TASK STATEMENT. Print every line below exactly. Skip the pictures.

START INFORMATION PROVIDED

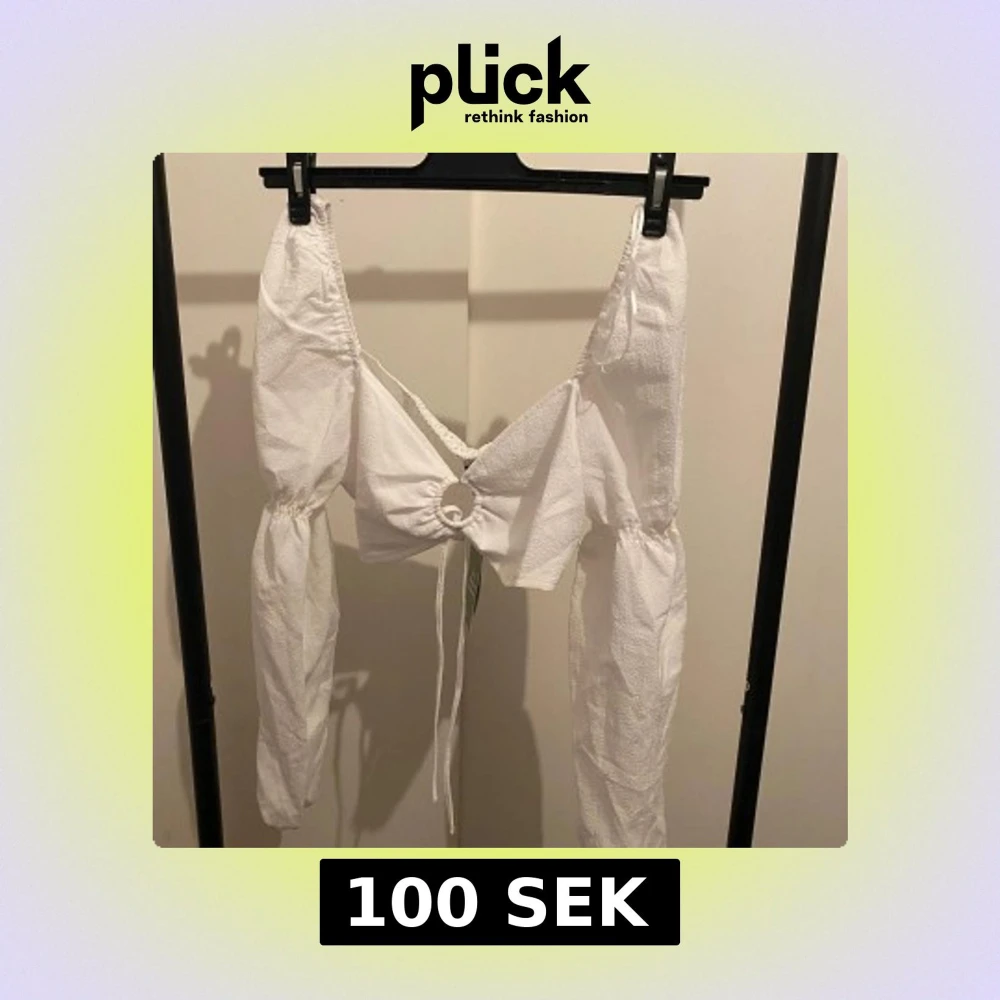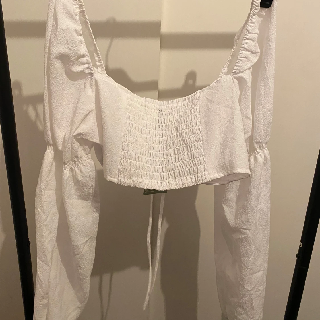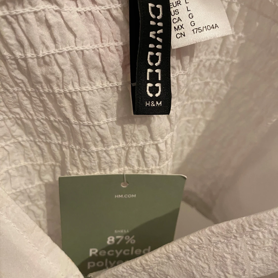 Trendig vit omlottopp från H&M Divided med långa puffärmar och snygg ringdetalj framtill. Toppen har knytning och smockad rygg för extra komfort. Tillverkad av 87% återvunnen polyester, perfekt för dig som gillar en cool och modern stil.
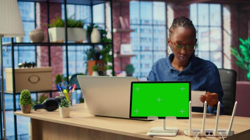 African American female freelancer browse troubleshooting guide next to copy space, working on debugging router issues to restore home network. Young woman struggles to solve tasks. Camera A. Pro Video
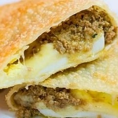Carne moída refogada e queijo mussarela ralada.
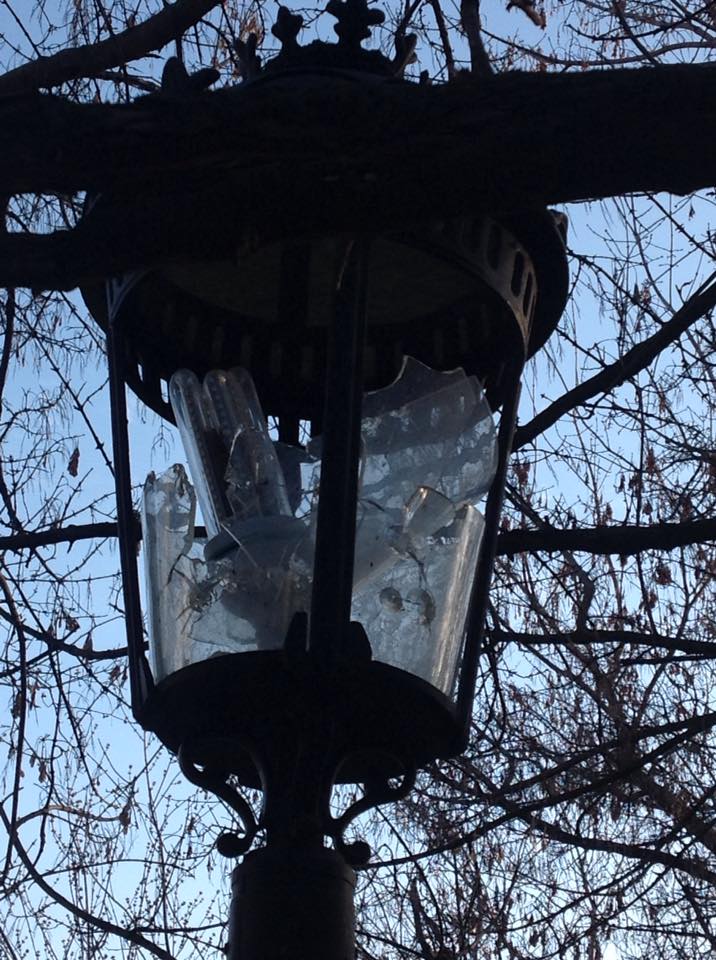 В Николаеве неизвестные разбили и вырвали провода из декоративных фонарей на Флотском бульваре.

END INFORMATION PROVIDED

YOUR SOLUTION.
 Trendig vit omlottopp från H&M Divided med långa puffärmar och snygg ringdetalj framtill. Toppen har knytning och smockad rygg för extra komfort. Tillverkad av 87% återvunnen polyester, perfekt för dig som gillar en cool och modern stil.
 African American female freelancer browse troubleshooting guide next to copy space, working on debugging router issues to restore home network. Young woman struggles to solve tasks. Camera A. Pro Video
Carne moída refogada e queijo mussarela ralada.
 В Николаеве неизвестные разбили и вырвали провода из декоративных фонарей на Флотском бульваре.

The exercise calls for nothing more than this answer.